Attract and Retain a Great Staff
Few sectors have been as hard hit by the labor shortage as restaurants have. Three in four restaurants were experiencing staffing challenges before the pandemic. Now, restaurant workers are changing jobs an average of every 56 days. Compared to the U.S. average job stay of 4.2 years, this figure is shocking and is causing ripples across the food service industry. Restaurant managers cite a lack of recognition as a major factor driving turnover, yet fewer than 40% of businesses invest in professional development for their employees. There are plenty of potential employees out there, but you’ll have to entice them with tangible appreciation, reasonable hours, fair pay, and great benefits.
Improve Operations with Technology
The restaurants that thrive in 2023 will be those most willing to invest in the technology that patrons crave. While third-party delivery apps like Uber Eats and DoorDash will continue to be important, restaurants will need their own integrated apps and online platforms. You can implement an online system to ensure a smooth reservation and confirmation process, use QR codes to replace paper menus, add a digital kitchen board that links directly to your POS system, and opt for contactless ordering and payment systems. All of these improvements will help diners feel safer in your restaurant and will alleviate the burdens created by staffing issues.
Cultivate Repeat Business
Studies demonstrate that attracting a new customer costs between 5X and 10X more than retaining one who already frequents your business. Not only do those returning customers cost you less, they spend 33% more per visit and they build your business by bringing friends and family in the door. You can generate return business by rewarding your most loyal diners and by implementing a brand standard management system that ensures a consistently high-quality experience at every visit.
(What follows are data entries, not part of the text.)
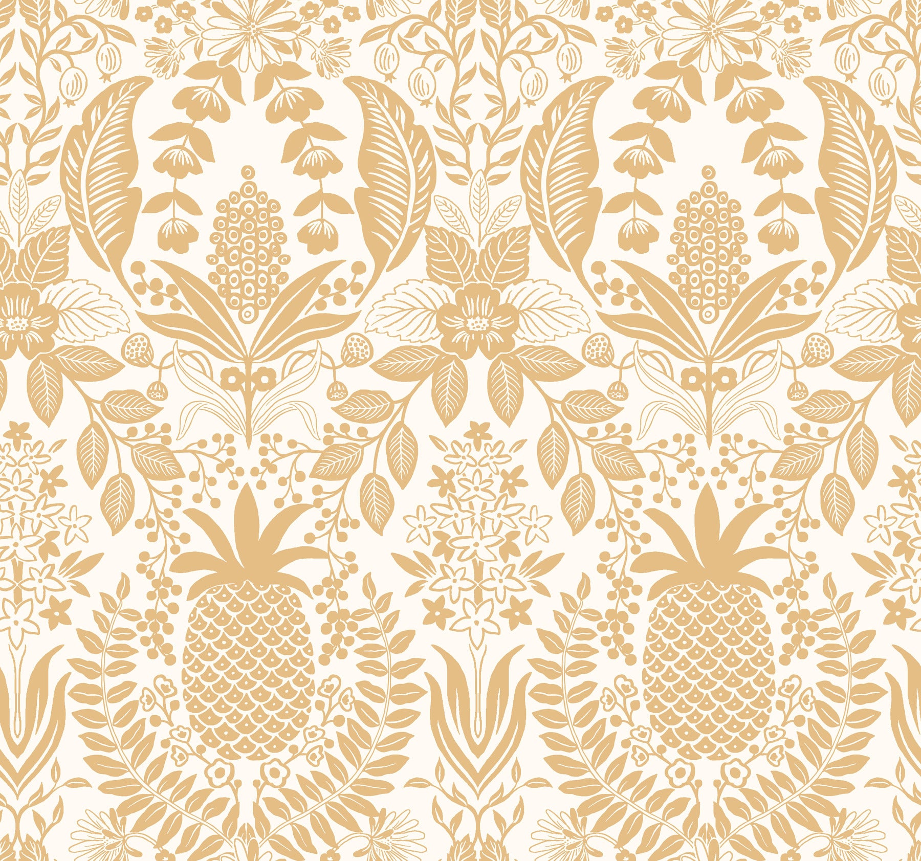 York Wallcoverings Rifle Paper Co. 3rd Edition Pineapple Damask Gold Wallpaper Traditional Novelty Metallics - RF7482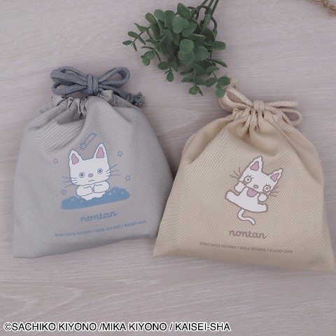 淡い色合いとデザインで「大人ノンタン」がテーマ!使い勝手の良い布製巾着。細々したアイテムをサッとまとめて スッキリ持ち運びできます!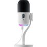 | Peso e dimensões | | | Largo | 100 mm | | Profundidade | 100 mm | | Peso do microfone | 616 g | Controle de energia | | | Fonte de energia | USB | Conteúdo da embalagem | | | Conteúdo da embalagem | Microfone USB, suporte de mesa removível, adaptador para braços articulados e pedestais de microfone (* e *), cabo USB-C para USB-A de 2 m, documentação do usuário | Desempenho | | | Comprimento do cabo | 2 m | | Cor do produto | Preto, Branco | Conteúdo da embalagem | | | Cabos incluídos | USB Tipo A para USB Tipo C | Desempenho | | | Tipo de controle | Botões, Rotativo | Conteúdo da embalagem | | | Suporte de mesa | Sim | | Número de produtos incluídos | 1 peça(s) | Desempenho | | | Sistema operacional Windows compatível | Windows 10, Windows 11 | | Sistema operacional MAC compatível | Mac OS X 10.14 Mojave, Mac OS X 10.15 Catalina, Mac OS X 10.15.3 Catalina, Mac OS | Outras funcionalidades | | | Manual do usuário | Sim |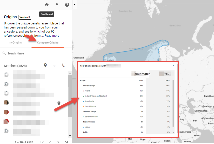 You can also click the Origins tab near the top of a match’s profile to compare your ancestral regions to theirs.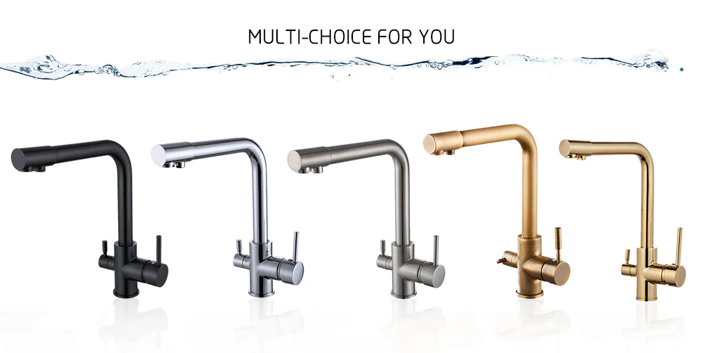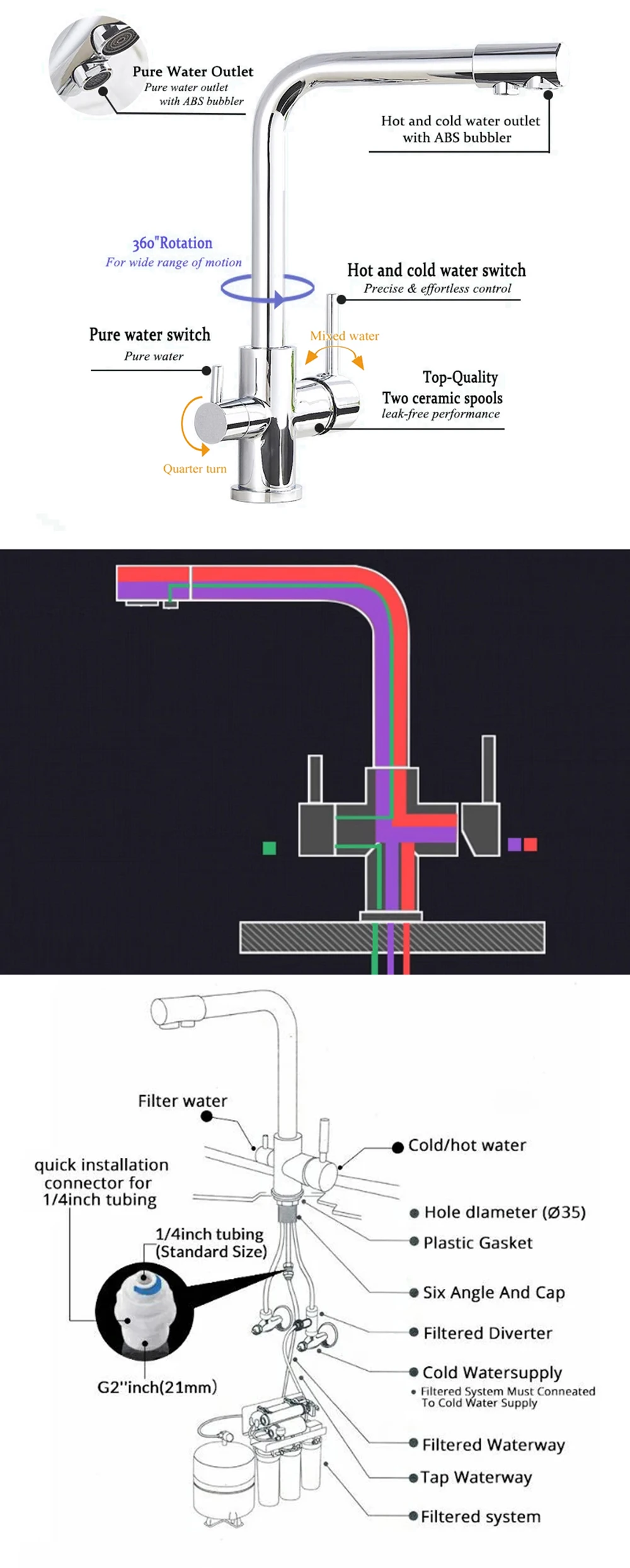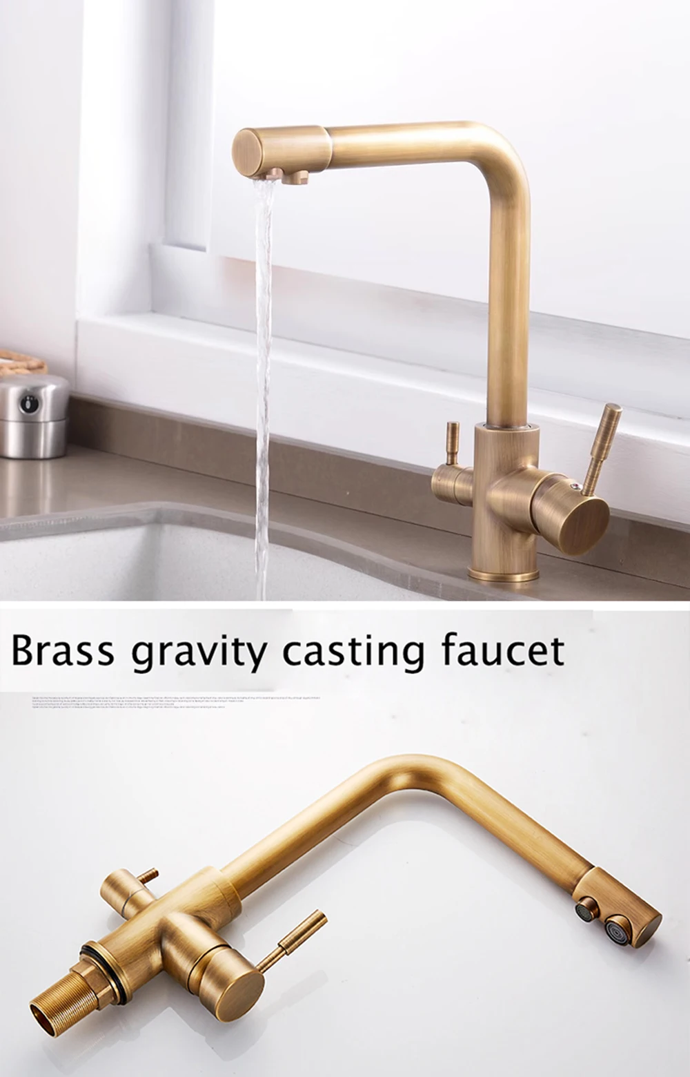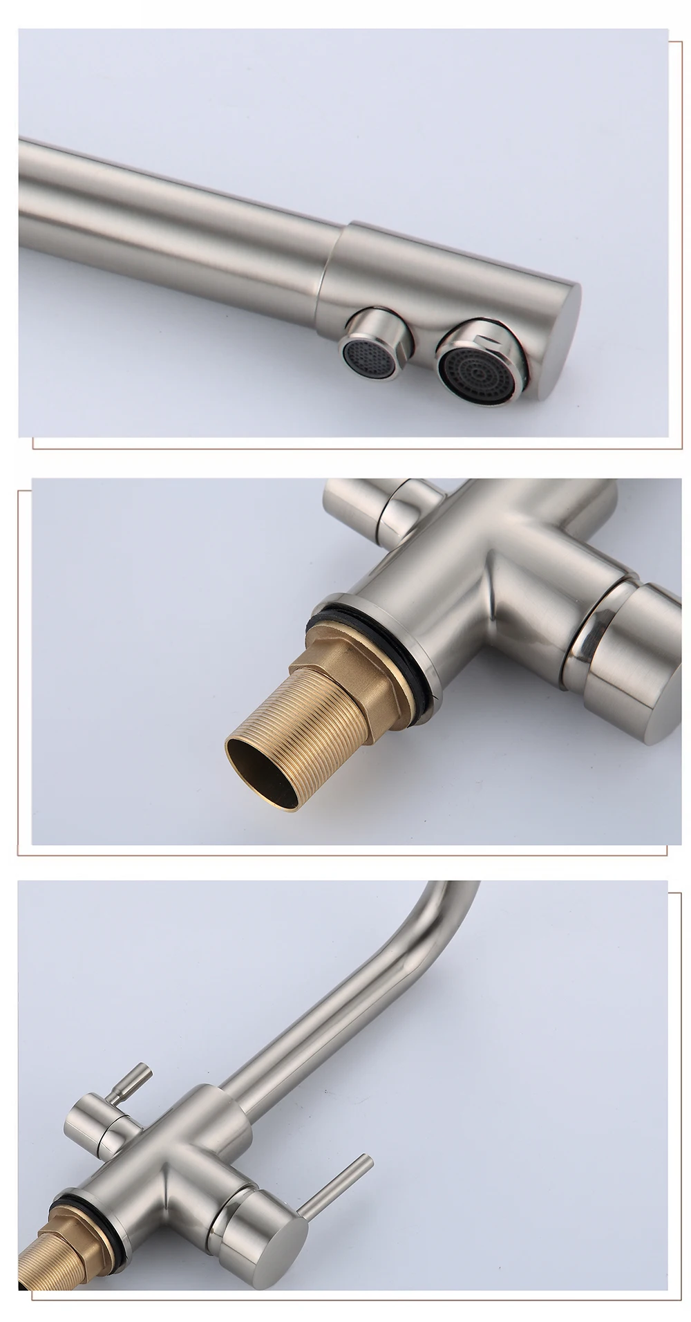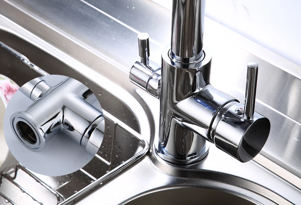 BAKALAกรองก๊อกน้ําห้องครัวน้ําดื่มKitchen Tap Deckติดตั้งDual Handles 3-Wayร้อนเย็นน้ําผสม

Manage Inventory More Efficiently
The U.S. Small Business Administration reports that a poorly managed inventory system is one of the major reasons small businesses fail. Despite this potential pitfall, 46 percent of small businesses with 11 to 499 employees don’t have any kind of system to track the goods they have in stock. This is even more dangerous for restaurants, where the majority of stock is made up of potentially-perishable food item. Poorly managed inventory eats into profits and puts your business at risk. Money is wasted replacing food that spoiled because you ordered too much or had to buy more at higher cost to compensate for under-ordering. Staff time is squandered as they look for items that should have been easily accessible. Worst of all, inefficiently addressing inventory needs leads to spoilage, jeopardizing diners’ health and safety.
Up Your Social Media Game
Word of mouth is the oldest form of marketing in the world, and it’s still critical for restaurants. These days, most word of mouth is happening online. Positive online reviews will drive people to your restaurant and negative ones may hurt the bottom line, but there’s something you can do to mitigate the damage: respond. A whopping 94% of diners consider online reviews when choosing a restaurant. ReviewTrackers discovered that nearly half of consumers searching online are more likely to visit a business if the owner or manager responds to negative reviews. Check your online reviews regularly. Thank patrons for positive reviews. If you spot a negative review, don’t take it personally. Instead, respond rather than react. Apologize publicly, invite the patron to return, and move the conversation to a private forum.